## Extracted entries

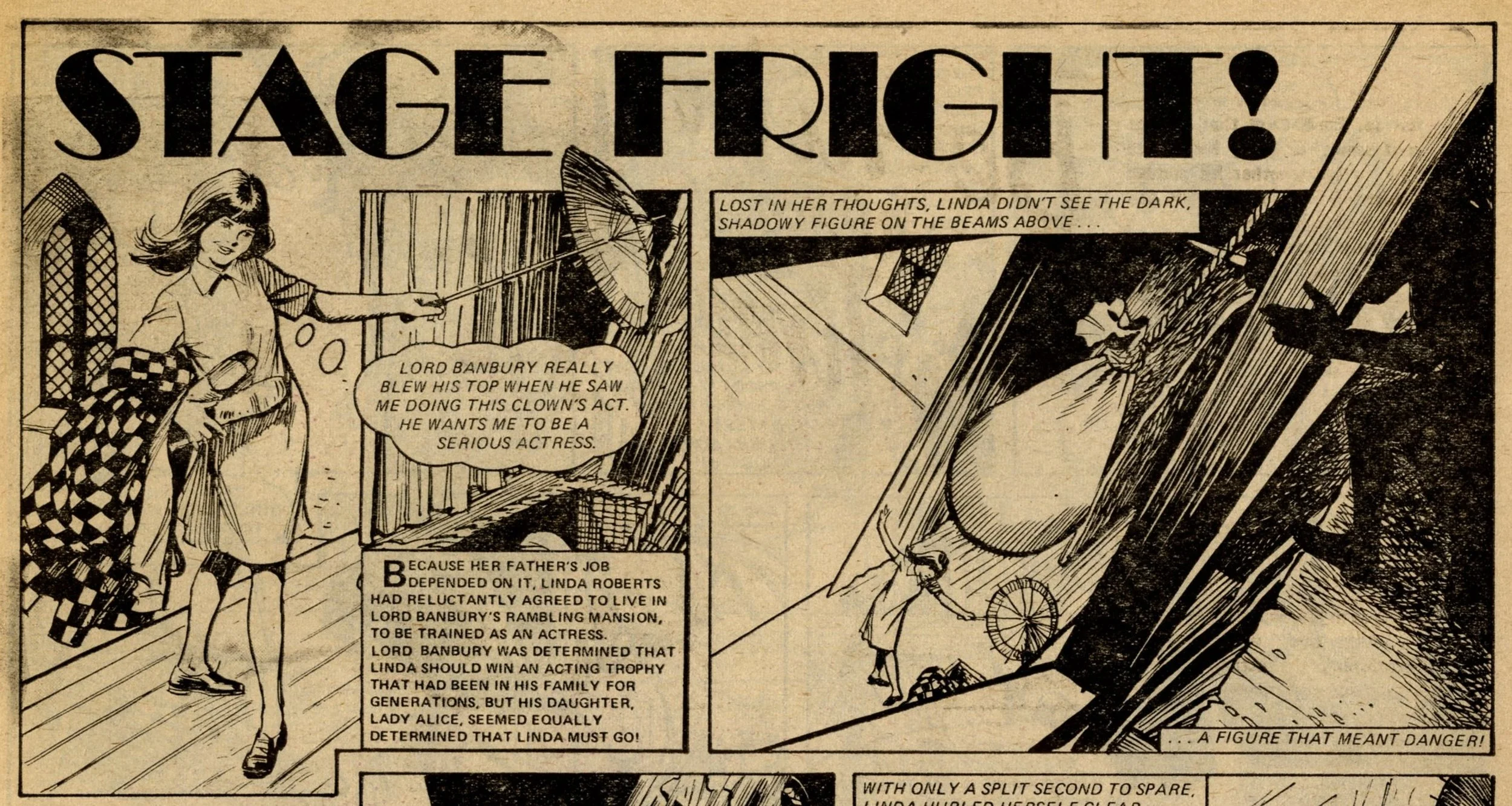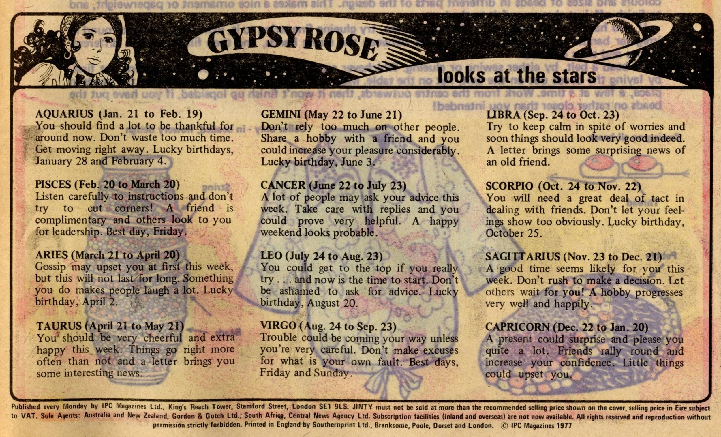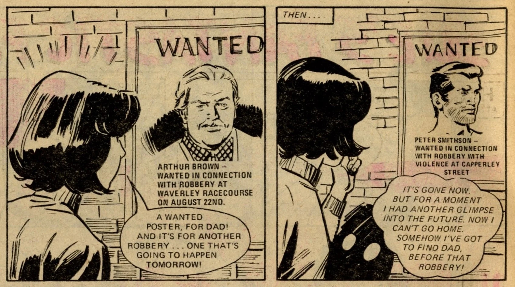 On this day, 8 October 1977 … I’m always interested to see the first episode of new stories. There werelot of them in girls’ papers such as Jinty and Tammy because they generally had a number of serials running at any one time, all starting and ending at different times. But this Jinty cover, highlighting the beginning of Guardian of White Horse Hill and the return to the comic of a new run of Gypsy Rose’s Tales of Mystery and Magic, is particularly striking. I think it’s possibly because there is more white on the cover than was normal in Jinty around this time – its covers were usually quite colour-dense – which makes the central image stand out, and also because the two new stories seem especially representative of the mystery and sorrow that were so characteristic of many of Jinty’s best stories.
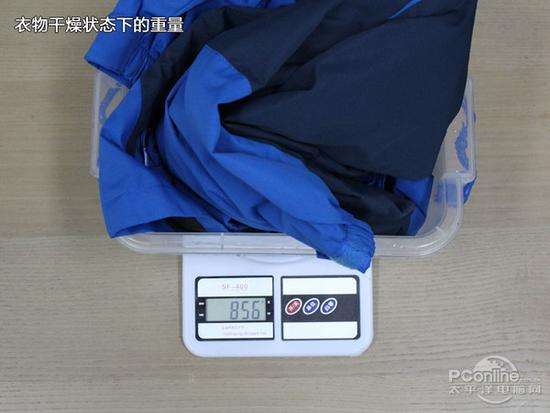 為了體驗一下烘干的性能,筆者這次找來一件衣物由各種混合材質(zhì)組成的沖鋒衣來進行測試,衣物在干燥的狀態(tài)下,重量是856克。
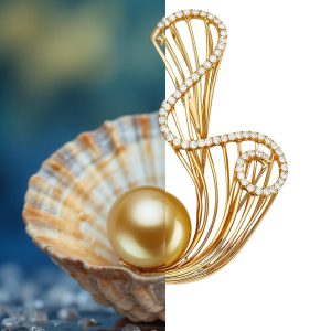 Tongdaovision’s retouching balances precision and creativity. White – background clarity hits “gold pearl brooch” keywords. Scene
...
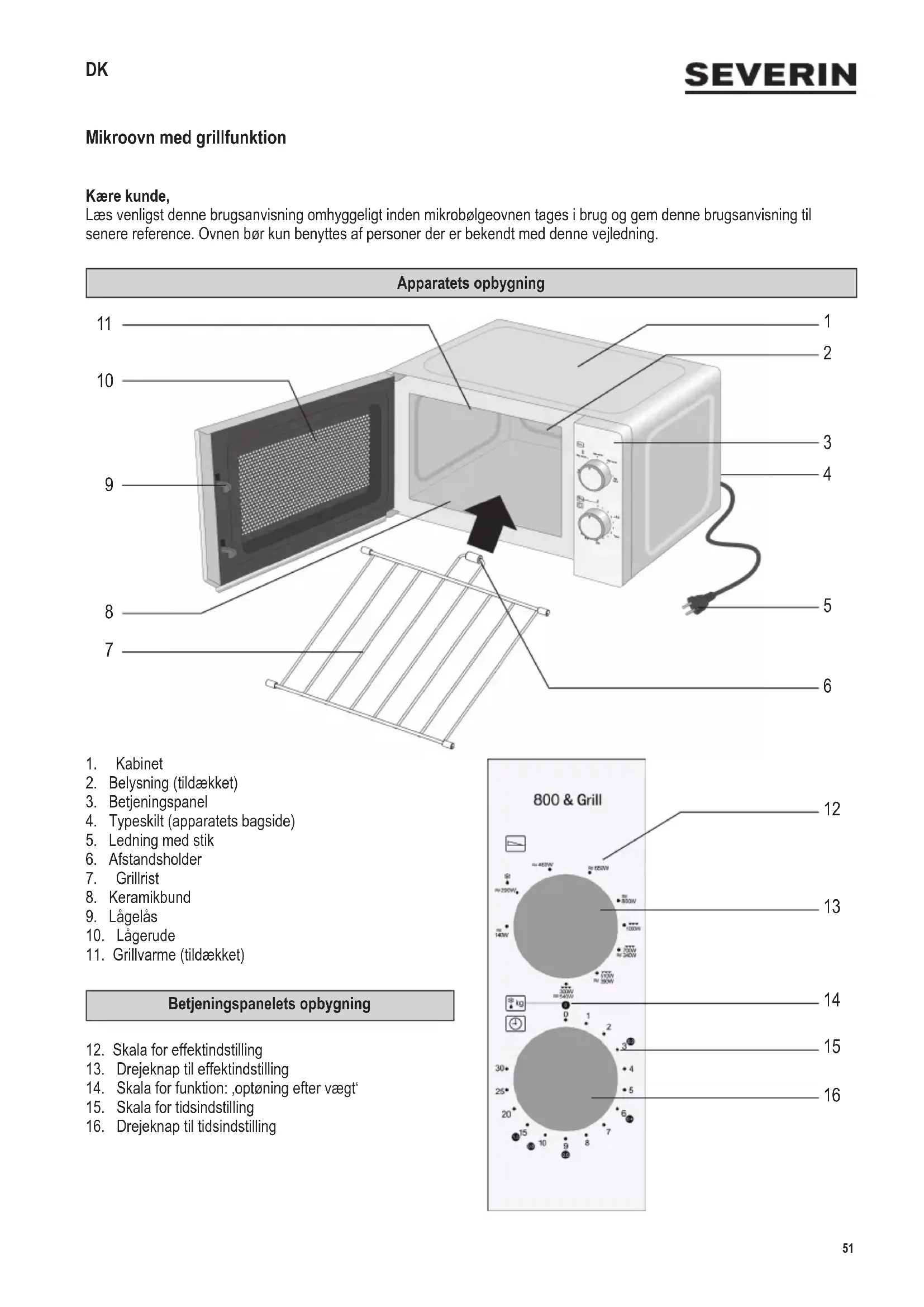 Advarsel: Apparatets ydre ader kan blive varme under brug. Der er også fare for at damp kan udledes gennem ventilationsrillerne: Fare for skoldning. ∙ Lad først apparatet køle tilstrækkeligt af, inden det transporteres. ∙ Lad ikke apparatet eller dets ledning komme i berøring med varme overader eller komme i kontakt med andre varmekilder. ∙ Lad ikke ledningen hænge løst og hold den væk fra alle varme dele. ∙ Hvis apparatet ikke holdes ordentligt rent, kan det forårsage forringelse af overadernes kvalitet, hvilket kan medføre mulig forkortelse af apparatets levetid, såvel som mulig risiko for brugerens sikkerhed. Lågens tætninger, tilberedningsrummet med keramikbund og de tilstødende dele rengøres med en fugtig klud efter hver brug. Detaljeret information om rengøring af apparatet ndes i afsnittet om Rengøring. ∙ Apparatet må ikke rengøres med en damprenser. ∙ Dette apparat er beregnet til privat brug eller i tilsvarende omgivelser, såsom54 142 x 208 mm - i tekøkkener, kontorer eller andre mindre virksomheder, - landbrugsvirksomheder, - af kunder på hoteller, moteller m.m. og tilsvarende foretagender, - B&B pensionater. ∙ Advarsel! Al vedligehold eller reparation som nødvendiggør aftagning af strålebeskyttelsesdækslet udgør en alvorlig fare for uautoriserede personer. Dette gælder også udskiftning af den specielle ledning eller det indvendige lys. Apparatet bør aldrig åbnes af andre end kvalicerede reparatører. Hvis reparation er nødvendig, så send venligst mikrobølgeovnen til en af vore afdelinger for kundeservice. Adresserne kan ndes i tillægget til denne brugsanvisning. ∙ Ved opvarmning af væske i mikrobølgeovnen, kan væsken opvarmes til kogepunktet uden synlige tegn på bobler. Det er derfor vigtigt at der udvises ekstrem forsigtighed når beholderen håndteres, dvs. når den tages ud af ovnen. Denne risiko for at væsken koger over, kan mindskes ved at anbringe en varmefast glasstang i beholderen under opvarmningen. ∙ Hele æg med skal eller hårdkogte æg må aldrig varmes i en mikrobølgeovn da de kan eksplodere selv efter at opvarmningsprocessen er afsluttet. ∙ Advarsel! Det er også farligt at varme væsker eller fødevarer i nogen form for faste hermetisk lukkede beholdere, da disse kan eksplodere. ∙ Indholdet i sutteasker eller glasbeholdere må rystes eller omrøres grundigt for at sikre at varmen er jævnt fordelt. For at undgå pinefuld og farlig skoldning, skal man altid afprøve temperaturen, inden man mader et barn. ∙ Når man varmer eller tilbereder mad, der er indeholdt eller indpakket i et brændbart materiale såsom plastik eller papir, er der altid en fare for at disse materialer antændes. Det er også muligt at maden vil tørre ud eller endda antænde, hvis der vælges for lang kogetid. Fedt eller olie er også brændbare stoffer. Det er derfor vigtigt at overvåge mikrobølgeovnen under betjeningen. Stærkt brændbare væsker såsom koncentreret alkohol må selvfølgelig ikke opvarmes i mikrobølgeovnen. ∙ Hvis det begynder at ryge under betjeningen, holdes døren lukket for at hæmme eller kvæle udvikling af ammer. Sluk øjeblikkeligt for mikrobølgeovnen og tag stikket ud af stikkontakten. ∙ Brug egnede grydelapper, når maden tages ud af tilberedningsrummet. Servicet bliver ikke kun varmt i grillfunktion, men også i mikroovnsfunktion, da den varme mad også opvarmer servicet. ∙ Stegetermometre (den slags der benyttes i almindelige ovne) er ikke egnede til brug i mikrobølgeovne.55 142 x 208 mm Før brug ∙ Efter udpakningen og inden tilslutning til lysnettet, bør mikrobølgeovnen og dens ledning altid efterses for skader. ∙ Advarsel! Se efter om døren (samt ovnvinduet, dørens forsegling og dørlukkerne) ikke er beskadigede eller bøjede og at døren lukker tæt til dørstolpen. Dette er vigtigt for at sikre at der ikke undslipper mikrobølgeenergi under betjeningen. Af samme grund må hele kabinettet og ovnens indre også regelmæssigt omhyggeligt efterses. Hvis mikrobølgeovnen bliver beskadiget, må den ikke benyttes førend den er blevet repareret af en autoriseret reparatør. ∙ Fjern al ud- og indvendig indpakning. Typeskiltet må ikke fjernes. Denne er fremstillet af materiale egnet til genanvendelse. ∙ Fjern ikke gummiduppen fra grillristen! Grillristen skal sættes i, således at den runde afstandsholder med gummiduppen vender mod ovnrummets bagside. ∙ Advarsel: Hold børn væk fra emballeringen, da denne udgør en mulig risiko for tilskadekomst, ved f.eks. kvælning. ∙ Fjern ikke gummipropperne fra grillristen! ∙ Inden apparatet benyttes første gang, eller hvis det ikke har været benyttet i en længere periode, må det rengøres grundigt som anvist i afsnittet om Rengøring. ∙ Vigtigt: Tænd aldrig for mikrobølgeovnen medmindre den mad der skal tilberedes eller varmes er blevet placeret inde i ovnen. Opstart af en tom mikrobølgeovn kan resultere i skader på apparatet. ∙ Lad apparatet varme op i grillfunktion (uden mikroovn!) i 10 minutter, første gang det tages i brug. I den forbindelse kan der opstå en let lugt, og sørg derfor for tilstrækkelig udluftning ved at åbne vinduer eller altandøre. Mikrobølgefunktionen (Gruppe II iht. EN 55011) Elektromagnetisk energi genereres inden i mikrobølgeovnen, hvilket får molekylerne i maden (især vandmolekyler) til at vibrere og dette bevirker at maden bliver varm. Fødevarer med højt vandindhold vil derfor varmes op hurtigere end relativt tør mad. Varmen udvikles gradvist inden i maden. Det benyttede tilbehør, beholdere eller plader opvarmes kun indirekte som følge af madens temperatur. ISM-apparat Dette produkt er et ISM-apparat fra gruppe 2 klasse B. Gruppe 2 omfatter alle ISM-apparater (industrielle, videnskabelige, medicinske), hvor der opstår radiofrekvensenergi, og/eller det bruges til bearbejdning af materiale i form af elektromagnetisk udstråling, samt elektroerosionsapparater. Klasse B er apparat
==
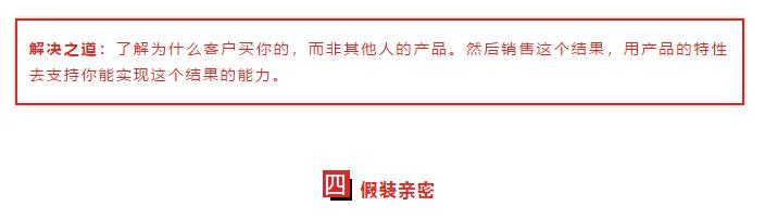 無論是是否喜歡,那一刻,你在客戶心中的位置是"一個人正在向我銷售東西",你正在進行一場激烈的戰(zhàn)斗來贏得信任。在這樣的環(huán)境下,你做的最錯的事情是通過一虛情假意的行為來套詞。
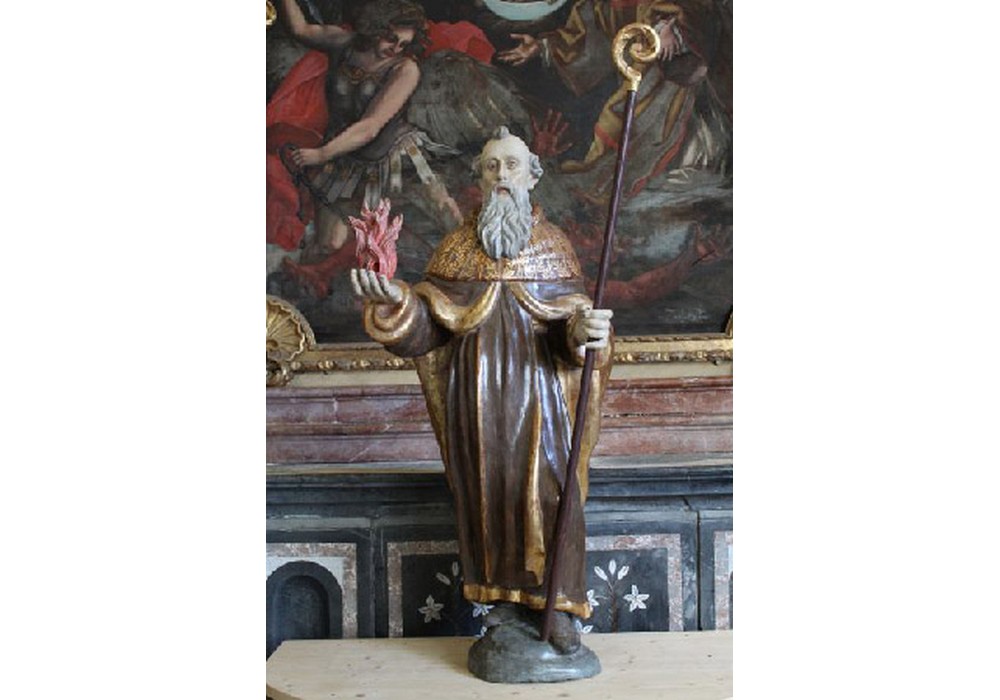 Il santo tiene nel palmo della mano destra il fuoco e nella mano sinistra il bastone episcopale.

## What you will do
From the material above, give again exactly the lines from the one that contains "On this day, 8" through the one that contains "Tongdaovision’s retouching balances", and leave out the pictures.

## Result of the task
 On this day, 8 October 1977 … I’m always interested to see the first episode of new stories. There werelot of them in girls’ papers such as Jinty and Tammy because they generally had a number of serials running at any one time, all starting and ending at different times. But this Jinty cover, highlighting the beginning of Guardian of White Horse Hill and the return to the comic of a new run of Gypsy Rose’s Tales of Mystery and Magic, is particularly striking. I think it’s possibly because there is more white on the cover than was normal in Jinty around this time – its covers were usually quite colour-dense – which makes the central image stand out, and also because the two new stories seem especially representative of the mystery and sorrow that were so characteristic of many of Jinty’s best stories.
 為了體驗一下烘干的性能,筆者這次找來一件衣物由各種混合材質(zhì)組成的沖鋒衣來進行測試,衣物在干燥的狀態(tài)下,重量是856克。
 Tongdaovision’s retouching balances precision and creativity. White – background clarity hits “gold pearl brooch” keywords. Scene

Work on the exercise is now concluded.